▶ _Exercise requirements_
Transcribe the data exactly, pictures excluded.

▶ _Data excerpt_
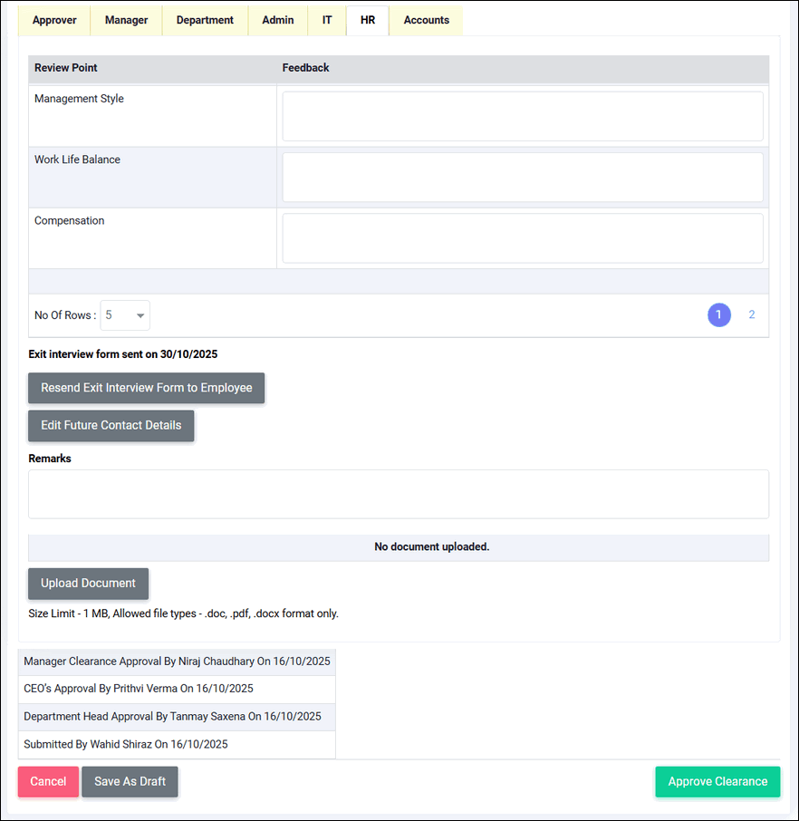 HR Manager can be processed for clearance by clicking on "Review" button. Tab as shown below will be shown. You can update the review points, capture remarks, upload documents
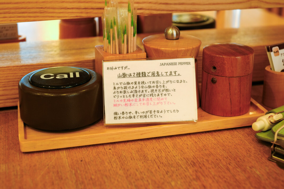 うなぎ専門の店 志ぶきでは、粉の山椒と、自分で挽く山椒の2種類が用意されています。
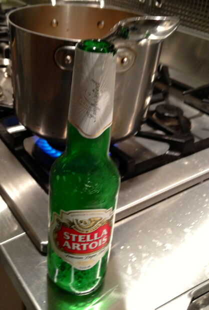 Ahora que la carne esté dorada y las verduras son saltear ', añadir a la carne y cocine durante diez minutos. Ahora, agregue la cerveza junto con los guisantes, maíz y una taza de agua. Dejar cocer durante aproximadamente un 1 -1 1/2 horas fijar a fuego lento o hasta que la carne esté tierna.
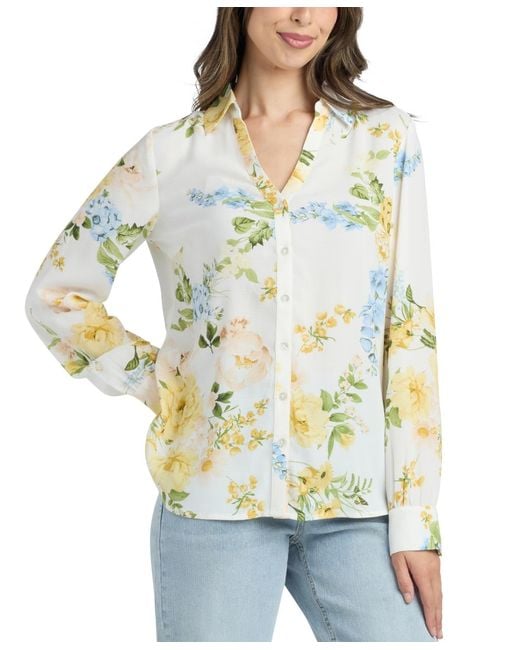 Don a polished look in this printed button-up top from Bcx, designed with a classic collar and long sleeves for a professional look. This versatile shirt offers a sleek silhouette without pockets for a clean, streamlined appearance. Polyester. Color: multicolor

▶ _Solution to the exercise_
 HR Manager can be processed for clearance by clicking on "Review" button. Tab as shown below will be shown. You can update the review points, capture remarks, upload documents
 うなぎ専門の店 志ぶきでは、粉の山椒と、自分で挽く山椒の2種類が用意されています。
 Ahora que la carne esté dorada y las verduras son saltear ', añadir a la carne y cocine durante diez minutos. Ahora, agregue la cerveza junto con los guisantes, maíz y una taza de agua. Dejar cocer durante aproximadamente un 1 -1 1/2 horas fijar a fuego lento o hasta que la carne esté tierna.
 Don a polished look in this printed button-up top from Bcx, designed with a classic collar and long sleeves for a professional look. This versatile shirt offers a sleek silhouette without pockets for a clean, streamlined appearance. Polyester. Color: multicolor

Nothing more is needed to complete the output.